1. Field of the Invention
The present invention relates to a machining simulation system including a numerical control apparatus configured to control a machining motion of a machine tool and a machining simulation apparatus configured to perform a simulation prior to an actual machining operation.
2. Description of the Related Art
A numerical control apparatus can control a machine tool according to numerical control information input by an operator of a production engineering division who can use a machining simulation apparatus. The machining simulation apparatus has a machining simulation function (including an interference check function) for checking an motion of a machine tool to be realized according to a machining command involved in the numerical control information. The machining simulation apparatus is, for example, constituted by a personal computer that can realize highly advanced performances according to software programs.
On the other hand, a numerical control apparatus of a worksite enables an operator to use a machining simulation function. For example, the machining simulation function provided by a numerical control apparatus includes checking beforehand an motion of a machine tool (including an interference check) to be used in a machining operation. Furthermore, the machining simulation function provided by the numerical control apparatus may include graphically displaying the progress of an actual machining operation if an operator cannot visually check the operation inside a machine tool after a door of the machine tool is closed.
After numerical control information has been determined by an operator of a production engineering division using the machining simulation apparatus, an operator of a worksite may modify the numerical control information according to machining processing environments. As a result, setup positions of a tool and a material according to the corrected numerical control information may differ from those determined by the operator of the production engineering division.

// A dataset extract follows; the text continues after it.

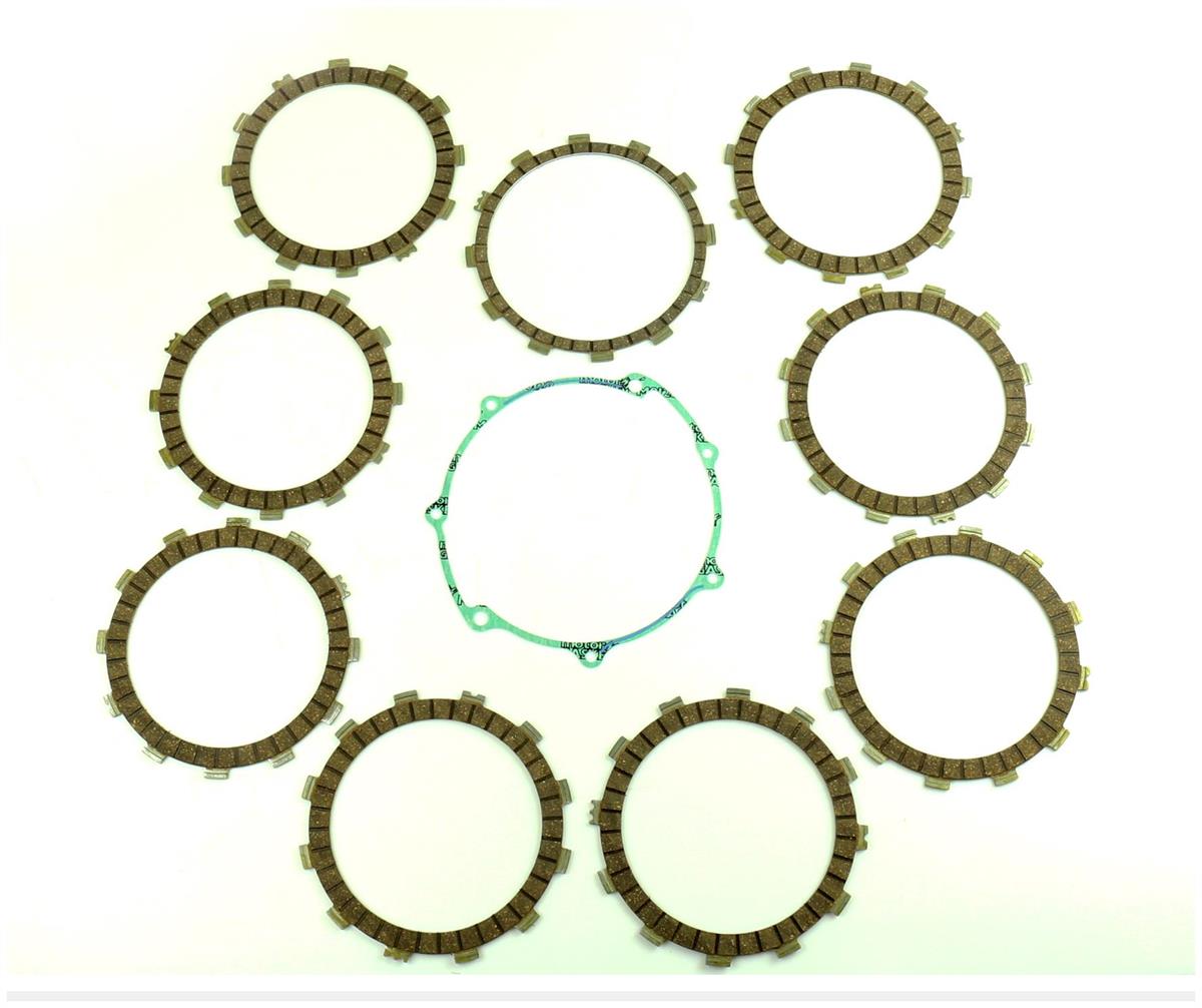 Kit frizione Athena composto da dischi guarniti equivalenti a quelli originali+guarnizione coperchio frizione dedicata.
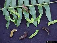 The larvae feed on various ferns, including Nephrolepis exaltata and Pteris vittata. They are highly variable in coloration, ranging from green to brown, black or reddish. It is an occasional pest in greenhouses. The larvae were recently discovered to have high levels of arsenic when feeding on P. vittata,[4] and are the only known terrestrial animal to accumulate arsenic.[5]

For example, a worksite environment may prevent preparation of a tool designated by an operator of the production engineering division, or may make it impossible to install the tool at a designated position. Accordingly, before performing actual machining work, an operator of the worksite uses the machining simulation function of the numerical control apparatus that can check an motion of the machine tool to be performed according to the numerical control information corrected according to the machining processing environment of the worksite.
FIG. 6 illustrates a conventional machining simulation apparatus 100 that can be used in a production engineering division. FIG. 7 illustrates a conventional numerical control apparatus provided on a worksite that can control a machine tool.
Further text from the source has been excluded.